* [Source data]
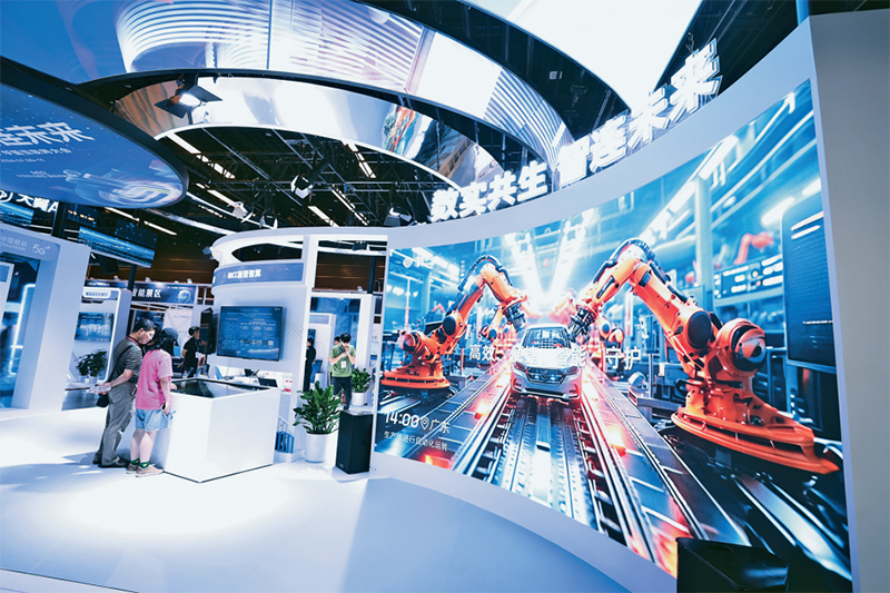 2024年7月9日,由中國互聯(lián)網(wǎng)協(xié)會主辦的2024中國互聯(lián)網(wǎng)大會在北京國家會議中心開幕,大會以“互聯(lián)三十載 智匯新質(zhì)變”為主題,聚焦人工智能、工業(yè)互聯(lián)網(wǎng)、數(shù)據(jù)要素、算力等熱點。圖為7月10日,參觀者在大會上參觀中國移動展區(qū)。 中新社發(fā) 陳曉根/攝
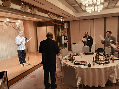 そして総会に引き続き懇親会は、稲田裕彦富山薬窓会会長のご発声に始まり、吉野 泰山副支部長の指揮のもと、懐かしい校歌斉唱もあり、広く世代を超えて親睦を深めることができました。
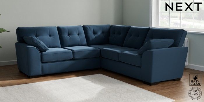 7.2.10 Buy Stamford Buttoned Back Medium Corner Sofa - Universal Plush Velvet Easy Clean Airforce Blue Large Square Angle - Dark from the Seasons online shop Click here to use our website with more accessibility support, for example screen readers
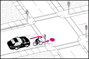 In this crash type, the motorist turns right across the path of a cyclist who is going straight ahead. More than half the bicyclists are riding with traffic on the roadway. The bicyclist is typically riding on the roadway (although one-in-three riders are on the sidewalk and one-in-five are riding the wrong way against traffic) and the vehicle driver passes the cyclist and then cuts across in front of the rider. The motorist may misjudge the speed of the cyclist or believe (mistakenly) that the bicyclist should wait for them. While bicyclists certainly need to be aware of the danger of this happening and be ready to take evasive action, educational efforts should focus on the driver.

* [Instructions to follow]
An exact copy of the lines from the line containing "7.2.10 Buy Stamford" through the final line of the listing, without pictures, is the expected result.

* [Task output]
 7.2.10 Buy Stamford Buttoned Back Medium Corner Sofa - Universal Plush Velvet Easy Clean Airforce Blue Large Square Angle - Dark from the Seasons online shop Click here to use our website with more accessibility support, for example screen readers
 In this crash type, the motorist turns right across the path of a cyclist who is going straight ahead. More than half the bicyclists are riding with traffic on the roadway. The bicyclist is typically riding on the roadway (although one-in-three riders are on the sidewalk and one-in-five are riding the wrong way against traffic) and the vehicle driver passes the cyclist and then cuts across in front of the rider. The motorist may misjudge the speed of the cyclist or believe (mistakenly) that the bicyclist should wait for them. While bicyclists certainly need to be aware of the danger of this happening and be ready to take evasive action, educational efforts should focus on the driver.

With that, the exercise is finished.